Lamanite Arch

Categories: Utah

Lamanite Arch is in a remote canyon found in Grand Staircase Escalante National Monument, near the Circle Cliffs. I had been wanting to go see this arch for years and noticed a few roads get pretty close to it. So last October I decided to try out a serpentine route that might get me there in only 3 miles.

My first major disappointment of the day was that the road I wanted to take from the Lampstand area was washed out at least a mile before I wanted to stop using it. And it coincidentally happened to stop being usable at the bottom of the steepest part of the road. So that automatically added an extra strenuous mile in and one extra less-strenuous mile out, already making the route, possibly, not the shortest option. Then again, I don’t know what the the other roads are like either.

The first thing I had to do was climb over the Circle Cliffs. This semi wooded badlands area is where the cliffs break up enough to climb over them. This picture was on the way back but for narrative purposes it makes sense to put it first.

It seemed easiest and most fun to descend down this Chinle Ridge.

There was a lot of petrified wood in this canyon but not as much as Egg Canyon, to the south.

I was one canyon north of Egg Canyon, which was on the other side of these cliffs.

Some fall colors in The Gulch. This was the least interesting part of the hike but the fastest travel by far.

The sun was already pretty high and while i think the total distance to the top of the cliffs is less than two miles, it’s rugged at times, and I wasted some energy climbing up and down the wrong washes in an unpredictable badlands area full of steep soft slopes and deeply twisting ravines in the Chinle Formation.

My second disappointment was the evidence of major cattle ranching once i got into The Gulch. There are cow trails everywhere and once i got into the canyon containing Laminate Arch, I ran into a herd of cows that looked like they were pretty much camped out there. I was surprised because the whole area is in a wilderness study area, so I wasn’t expecting commercial ranching.

The canyon has what seemed to be a permanent stream but it was seriously polluted by the cattle and had nearly turned into a smelly, trampled marsh. Even though I kept trying to get around them the cows would freak out and charge in front of me a few hundred yards up canyon. Then i’d have to go through the same hassle again for well over a mile.

Well that’s cool.

Finally in the canyon containing the arch. The cliffs were already getting more interesting.

First view of the arch. The canyon is narrow and brushy, and there is a very deep sandy gully a few feet in front of me. That makes getting a good viewpoint considerably difficult.

Head on view from across the canyon. From this angle I think it’s pretty clear that the name should be Lamanite Natural Bridge rather than Arch. So.. it could be really cool here during a heavy storm when there could be a waterfall!

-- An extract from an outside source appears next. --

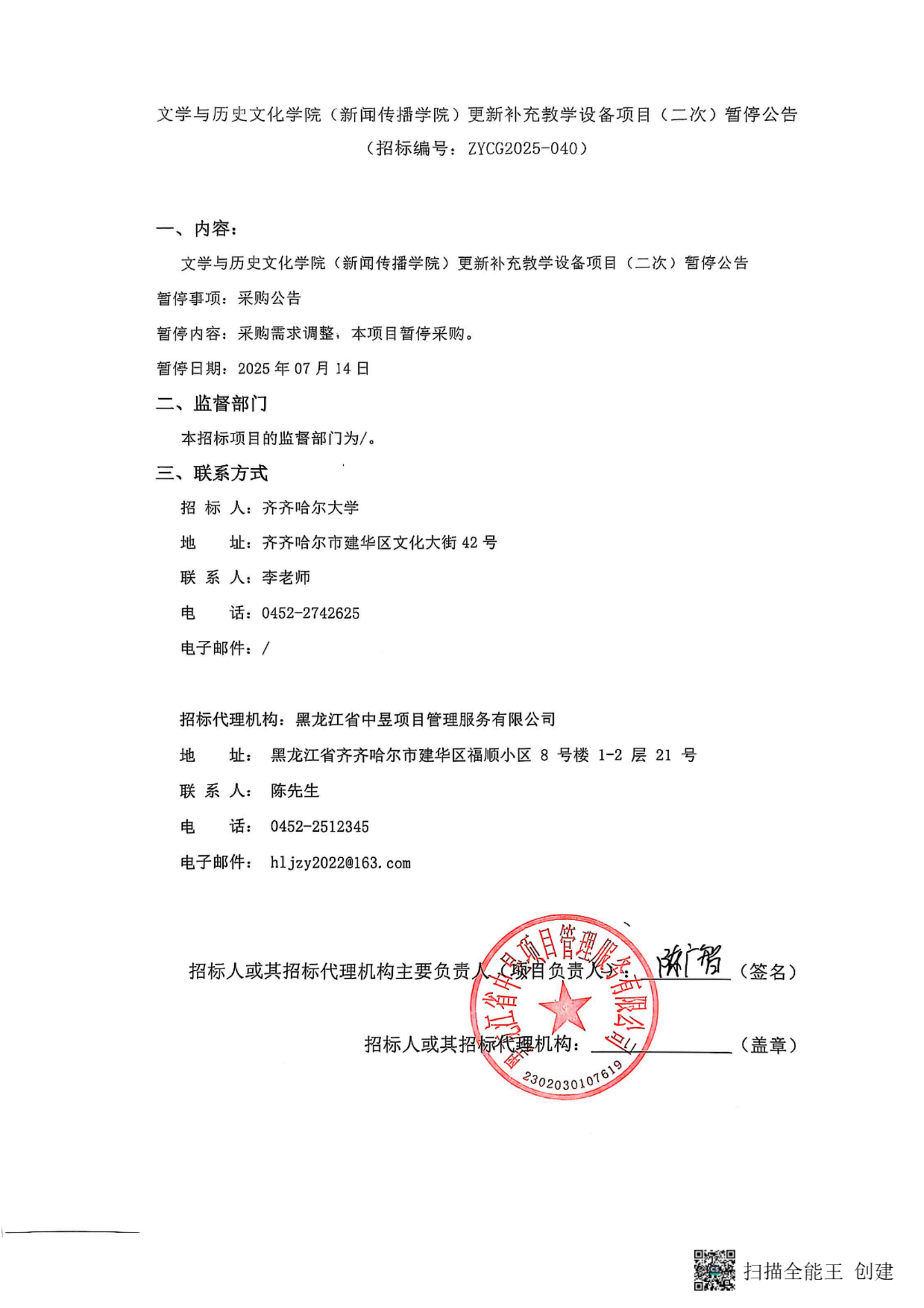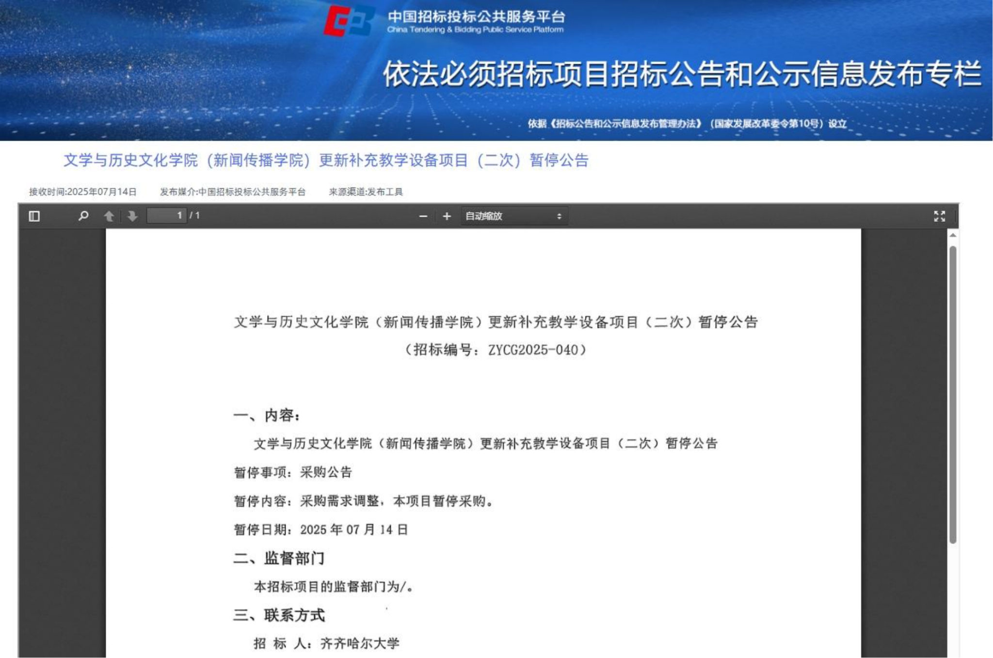下一条:文学与历史文化学院(新闻传播学院)更新补充教学设备项目(二次)询价通知书(转自中国招标投标公共服务平台)

Other than the cows I had a great time. The arch was really cool, the canyon containing the arch had a very remote feel with outstanding sandstone walls, and in general the route offered a lot of variety and problem solving.

I had heard of the arch before but was totally surprised by this fantastic free standing rock pillar. It took me a while to scramble up the side of the canyon and get a less obstructed view. In the meantime the shadows were quickly devouring it.

It looked very inviting to continue heading up canyon but I was out of time (not to mention tired) and I knew those idiot cows were huddled up there some where. The main canyon heads 90 degrees to the right of here, but doesn’t go far.

Looking down canyon from my perch opposite the arch.

Late enough in the day the canyon walls were beginning to glow, this nice peaceful area had a strong breeze in the trees. There was a trickle of a stream at my feet, feeding all this vegetation.

Payback time. Going up this crumbling steepness to get to the next canyon.

So, another option is to begin from another road that ends at the head of that distant canyon wall in the center. Impossible Peak on the far left.

The view going up. Kind of a hidden basin back here.

Up high enough, now I needed to work my way over to the first gap in the cliffs.

Looking back at the slope I traversed. Impossible Peak left of center.

On top of the gap in the cliffs. 

The other side of the Circle and the Henry Mts. in the distance. I had to go straight down and then cut around past the far left of the picture.

One last look at the remote canyons I’d spent my day exploring. Boulder Mountain in the far distance. 

Down from the cliffs and the more remote canyons but I still had quite a bit of navigation to do before dark. I kept getting pushed into the head of Egg Canyon. The view was good but I needed to not lose altitude yet.

Back on track and really enjoying the change to vivid purple in the badlands.

A Slot Canyon! No time.

There were several arches or holes in the top of that mesa. I kept an eye on it as i walked around it to make sure i wasn’t hallucinating but they were definite there.

A beautiful sunset over the Circle Cliffs.

Finally spotted my car, just as it was almost dark. The end of another great day.